Residents can make reservations for a “chat” through the website for the city’s community health offices.

“People from community circles sometimes come to us and say, ‘I just came to say ‘hello’ to you,’” Fukuma, 72, said. “If people come to us while they are fine and healthy, that makes it easier for us to deal with them when something goes wrong.”

She said she and her colleagues refer advice seekers to community circles and other entities as the need arises.

Nabari authorities set up 15 community health offices in the city between fiscal 2005 and fiscal 2007. They have a total of 30 workers who provide counseling on various subjects for all ages.

Yuya Mizutani, a physical therapist with the Hashimoto general clinic in Nabari, has been practicing social prescribing with the city’s community health offices.

Mizutani, 39, is a “link worker” whose duty is to connect isolated individuals with neighborhood communities.

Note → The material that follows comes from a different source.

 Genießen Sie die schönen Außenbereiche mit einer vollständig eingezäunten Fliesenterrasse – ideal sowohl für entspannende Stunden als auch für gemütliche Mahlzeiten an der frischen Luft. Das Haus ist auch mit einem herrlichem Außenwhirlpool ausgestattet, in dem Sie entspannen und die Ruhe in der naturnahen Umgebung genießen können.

He has been putting much effort into a community activity group called Chiichikaken, whose name carries the meaning “power and health for the community.”

Chiichikaken has set up a “gardening club” for patients and residents, who meet once a month to tend to the clinic’s garden and engage in other activities.

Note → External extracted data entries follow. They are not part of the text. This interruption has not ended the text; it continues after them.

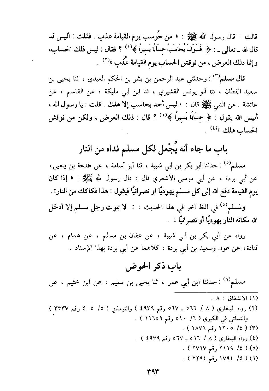 قَالَ مُسلم: وحَدثني عبد الرَّحْمَن بن بشر بن الحكم الْعَبْدي، ثَنَا يحيى بن سعيد الْقطَّان، ثَنَا أَبُو يُونُس الْقشيرِي، ثَنَا ابْن أبي مليكَة، عَن الْقَاسِم، عَن عَائِشَة، عَن النَّبِي - صَلَّى اللَّهُ عَلَيْهِ وَسَلَّم َ - قَالَ: " لَيْسَ أحد يُحَاسب إِلَّا هلك. قلت: يَا رَسُول الله، أَلَيْسَ الله يَقُول: {حسابا يَسِيرا} ؟ قَالَ: ذَلِك الْعرض، وَلَكِن من نُوقِشَ الْحساب هلك ".
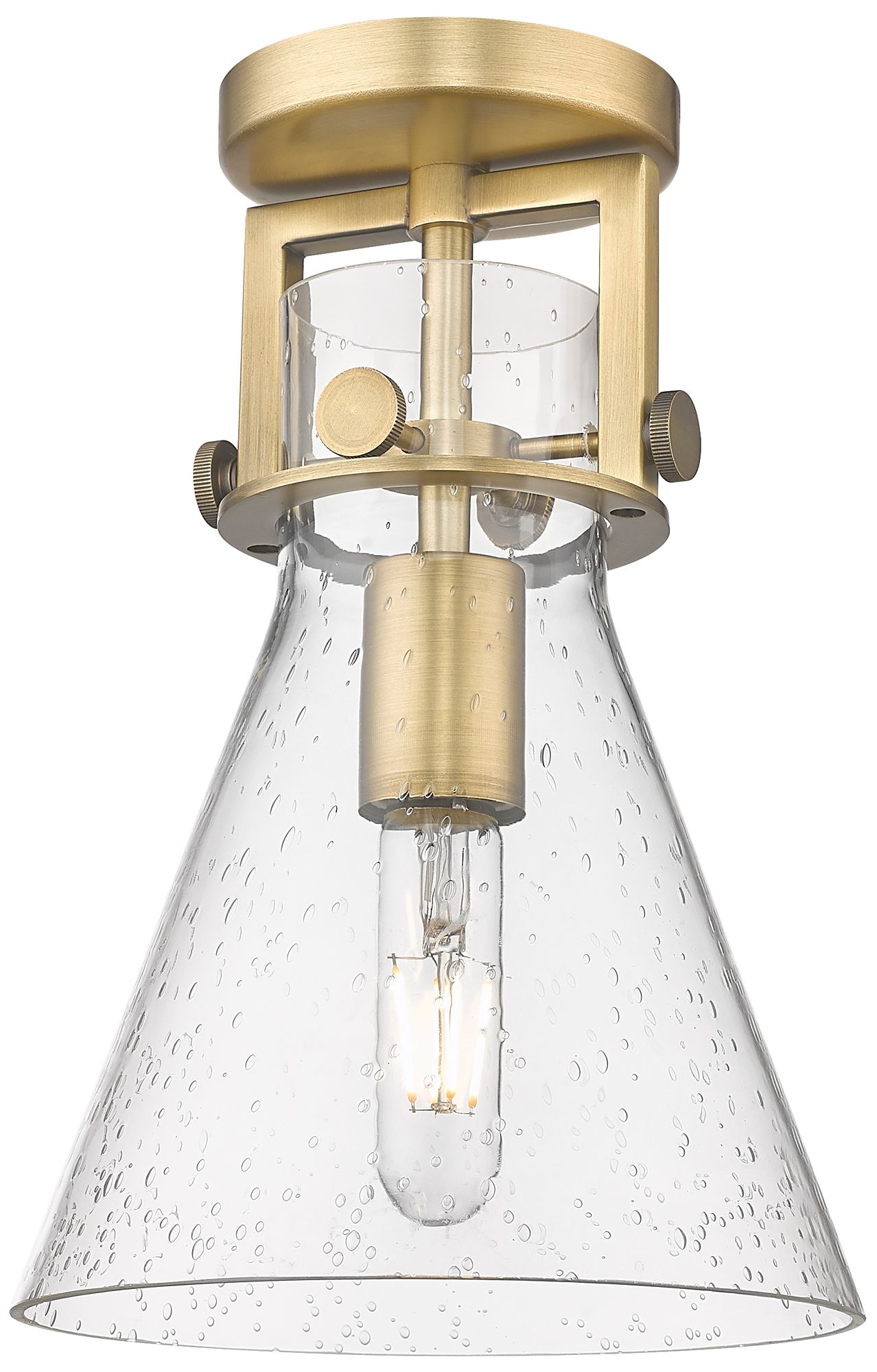 Newton Cone 8" Wide Brushed Brass Flush Mount with Seedy Shade
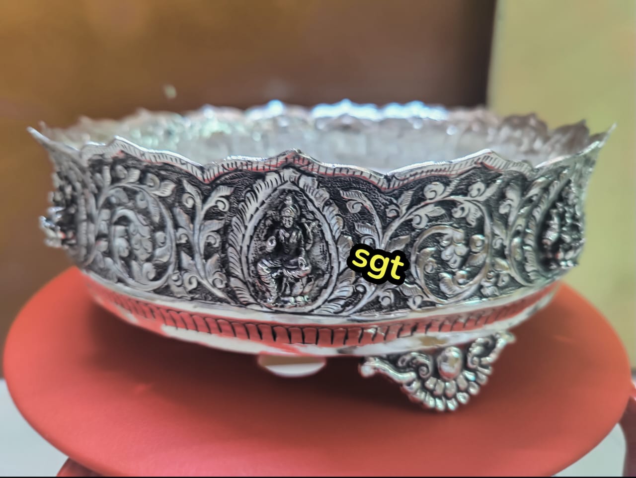 Antique Finish German Silver Asta Lakshmi Design Plate- / Urli -SILI001AP
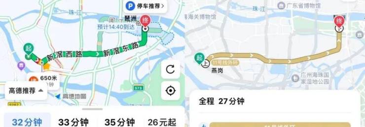 如果是去珠江新城的话,开车大概12公里,花费30分钟左右即可抵达,坐地铁的话,11号线转3号线,全程8个站,耗时29分钟左右。
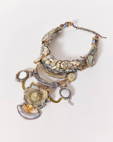 Kate Durham's jewellery works against an agreed definition of modern value. Kate's work seeks out decorative design elements that tend to challenge the notion of minimalism and the value of material. Kate works with found objects which explores the use of non-valuable materials within a jewellery lens. Engaging the ideas of femininity, desirability and history, with an aesthetic and cheekiness.

Chiichikaken organized a “class for making wreaths and doing physical exercise at a library” on Christmas Eve last year, and about 30 people participated.

Medical associations have also entered the picture.

In 2019, the Utsunomiya Medical Association in the capital of Tochigi Prefecture set up a “social support” section to promote social prescribing.

The section has compiled a database of groups that can support patients.

“As things stand now, doctors are saving patients downstream in the metaphor of a river,” said Tatsuro Katayama, a 67-year-old physician who headed the UMA when it established the social support section. “What we have to do, however, is address the social backgrounds of patients that lie farther upstream, such as loneliness and isolation.”

TIES SHOULD NOT BE FORCED

Tomohiro Nishi, a physician who leads the Japanese Social Prescribing Laboratory, said he believes that social prescribing does not, by any means, call for eliminating loneliness and isolation.

He said the goal of social subscribing is to create a society where people can stay lonely with a sense of security.

“Forcibly connecting those who wish to be alone would be ‘abusive social subscribing,’” Nishi, who is also head director of Plus Care, a general incorporated association, said. “We will have to look at the personalities, histories and backgrounds of individuals when we decide what we should do with them.”

Social prescribing was first recommended by the British health department in 2006.

The concept is about ensuring the involvement of workers from different domains, such as health care, welfare, education and community activity, to address “social determinants of health” that surround patients, such as poverty and loneliness.

Social subscribing is also drawing attention as a measure for dealing with the weakening of neighborhood communities due to the increase in one-person households and elderly people living alone.